The research arc I described in the first half of this post is a product of centuries of epistemic engineering. Each signal exists because a previous failure mode was identified and a corrective was designed. Benchmarks corrected for subjective evaluation. Ablations corrected for confounded contributions. Replication corrected for irreproducible results. Peer review corrected for unchecked claims.
But each corrective was designed for a world where the primary failure mode was human error — sloppiness, bias, self-deception, occasional fraud. The failure mode of the AI age is different: it's systematic proxy optimization at superhuman speed. The correctives aren't calibrated for this. A peer reviewer who spends eight hours on a paper cannot detect that the ablations were generated by an automated system that searched over 10,000 component combinations and reported only the ones that told a clean story. An evaluation server cannot detect that a model's high benchmark score reflects exploitation of annotation artifacts rather than visual understanding.
The Challenge
There is, I think, little reason to favor these tools and modes of thinking in themselves. They have no intrinsic epistemic authority. Benchmarks are conventions. Metrics are value judgments. Ablations are controlled experiments only to the extent that the controls are actually controlled. Peer review is expert opinion aggregated under time pressure. Citations are popularity weighted by network effects.
What made them work — what gave them their epistemic force — was the social and intellectual context in which they operated: small communities of researchers who knew each other, who shared tacit knowledge about what mattered and what didn't, who could distinguish a genuine insight from a leaderboard trick because they had spent years developing intuition about the problem.
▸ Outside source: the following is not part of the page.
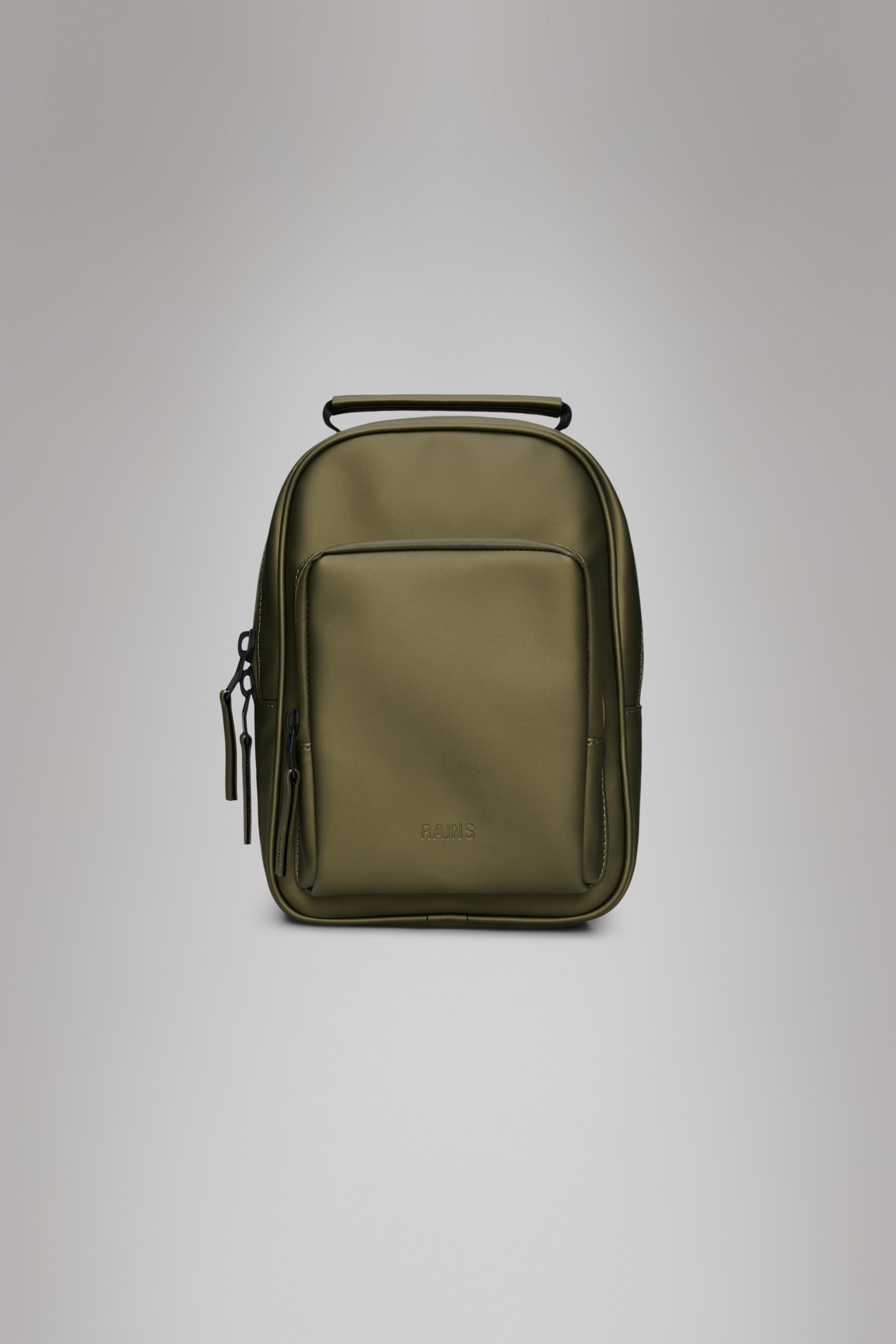 Book Daypack Mini is a compact version of Rains’ Book Daypack. Wear the monostrap as a sling over the shoulder or as an oversized bum bag. Book Daypack Mini is a clean, compact design characterized by fun, yet technical features that offer multiple uses. Wear it cross body as a sling bag over the shoulder with the adjustable monostrap, or clip it around the waist as an oversized bum bag. Perfectly designed for carrying smaller essentials day to day or when traveling. The design has a curved top, coated zip closures and front zip pocket. Open Book Daypack Mini to reveal a main compartment with an internal slip pocket. This style is finished with a webbing carry handle and padded mesh panels on the back for breathable comfort. Book Daypack Mini is cut from Rains’ signature waterproof PU fabric, engineered for carrying strength, durability and a smooth feel. SKU: 13690\105 Details Volume (liter): 1.7 gal Composition: 100.00% PES (Polyester) Water column: 8000 mm Weight: 18.3 oz Features - Waterproof signature PU fabric - Coated zip closure - Single main compartment - Front zip pocket - Internal slip pocket - Padded mesh back panel - Adjustable sling bag monostrap - Quick-release buckle closure - Webbing carry handle

The signals were never self-sufficient. They were scaffolding for human judgment.
The question for the field — not just CV, but all of empirical science — is what happens when the scaffolding has to bear weight it was never designed for. When the volume of papers exceeds the capacity of human review. When the complexity of methods exceeds the capacity of human understanding. When the optimization pressure on every signal exceeds the robustness of the signal's design.
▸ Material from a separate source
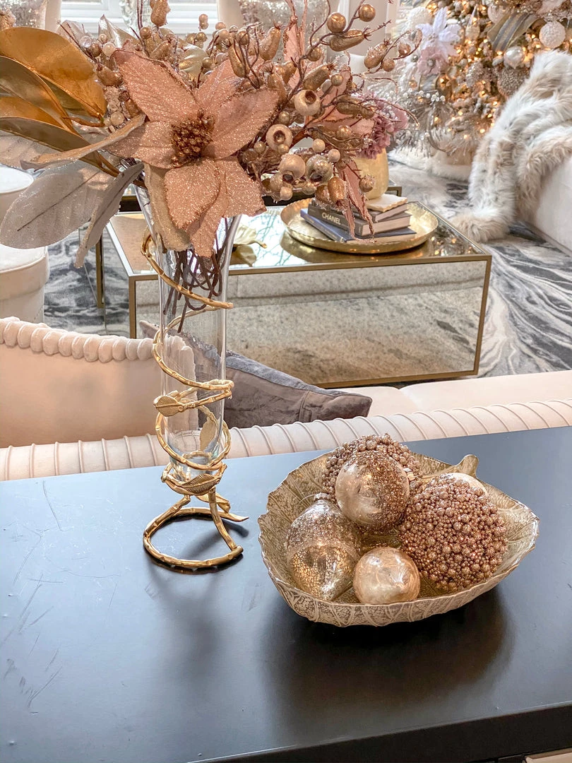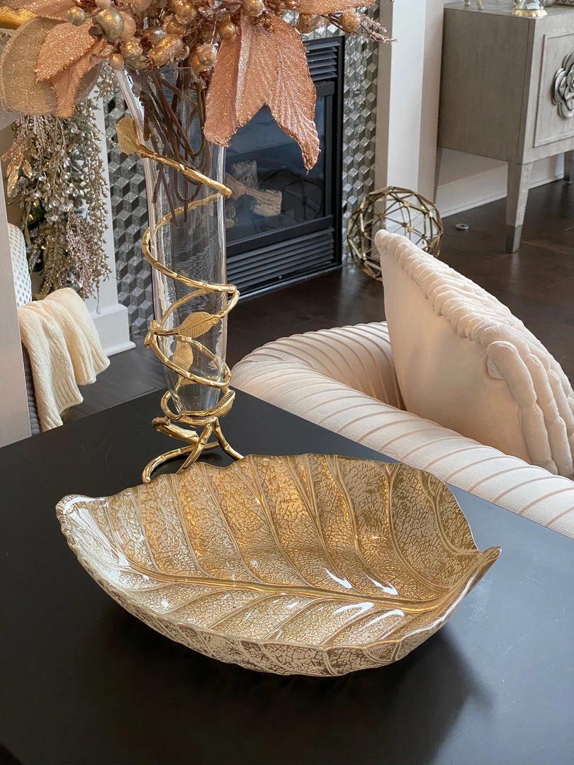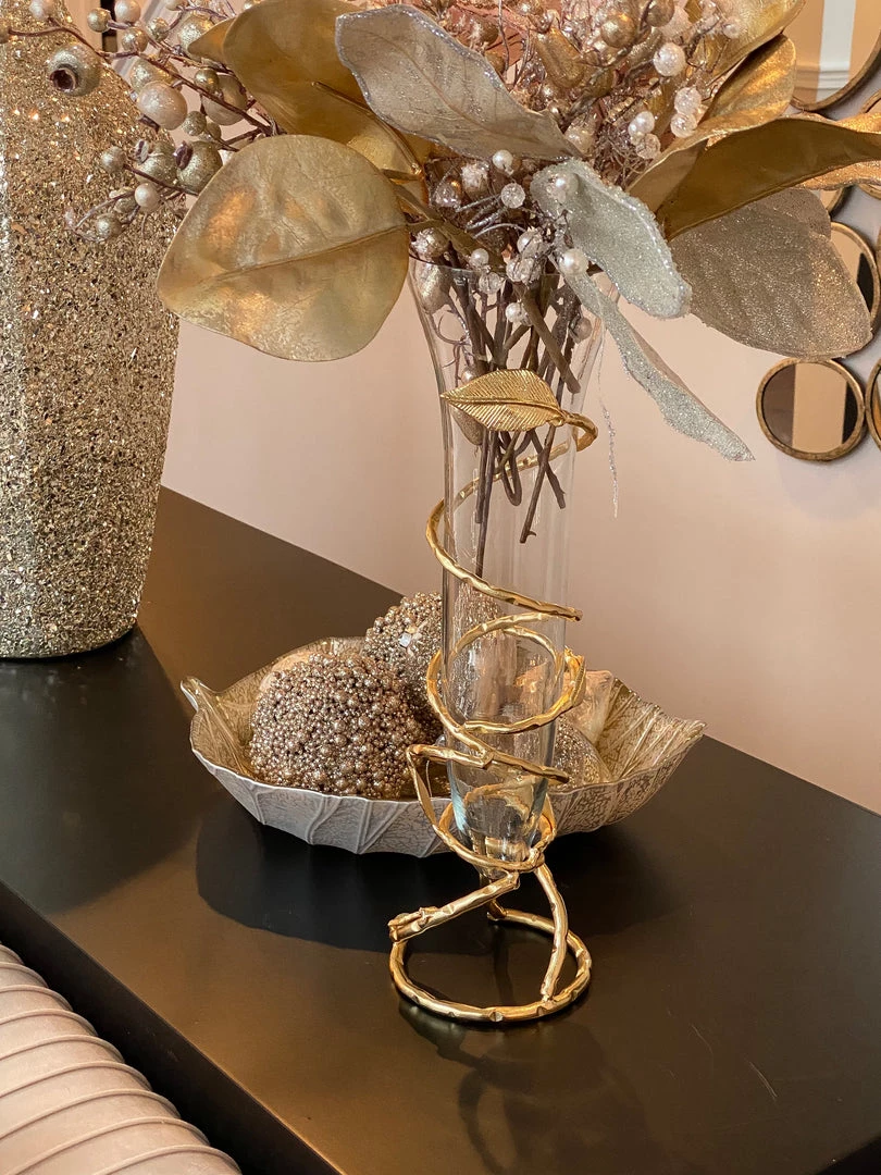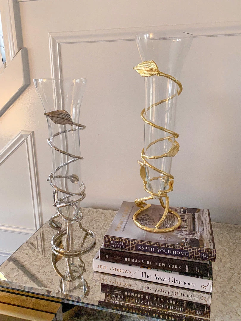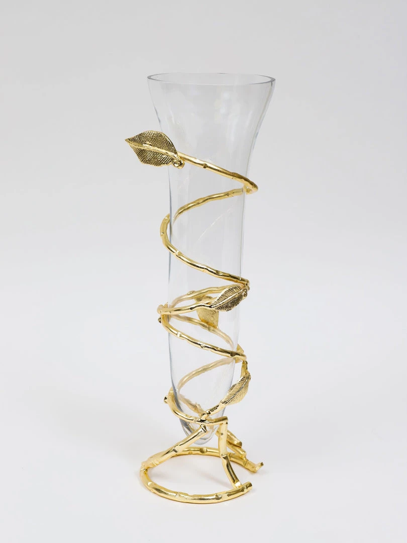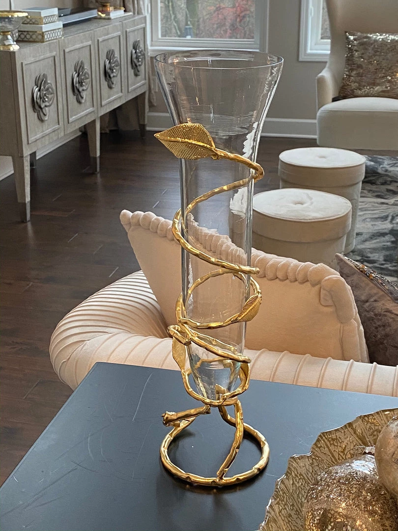 Description: Slim glass vase with stunning gold leaf design that adds a modern and expensive look to any bundle of flowers in any room.

I don't have an answer. I'm not sure anyone does yet. But I think the first step is to stop treating the research arc as a neutral methodology and start treating it as what it is: a historically contingent set of social and mathematical conventions that worked reasonably well under specific conditions, and whose continued adequacy under radically different conditions is an open — and genuinely important — question.
Popper told us that science progresses by falsification. Kuhn told us that falsification only works within a paradigm, and paradigms change for reasons that aren't fully rational. The AI age is telling us something neither of them anticipated: that the entire apparatus of signal, benchmark, and review can be operated — fluently, at scale — by systems that have no access to the thing the apparatus was built to find.
What that means for how we should do research is, I think, the most important methodological question of the next decade. And it's one that no benchmark can answer.
That's why I started with phenomenology rather than prescription. Before we can fix the apparatus, we have to see it clearly — not as a neutral methodology, but as a lived structure of attention, judgment, and trust that was built by and for human minds. A phenomenology of scientific research doesn't tell you what to do next. It tells you what you're actually doing now, which turns out to be the harder and more necessary question.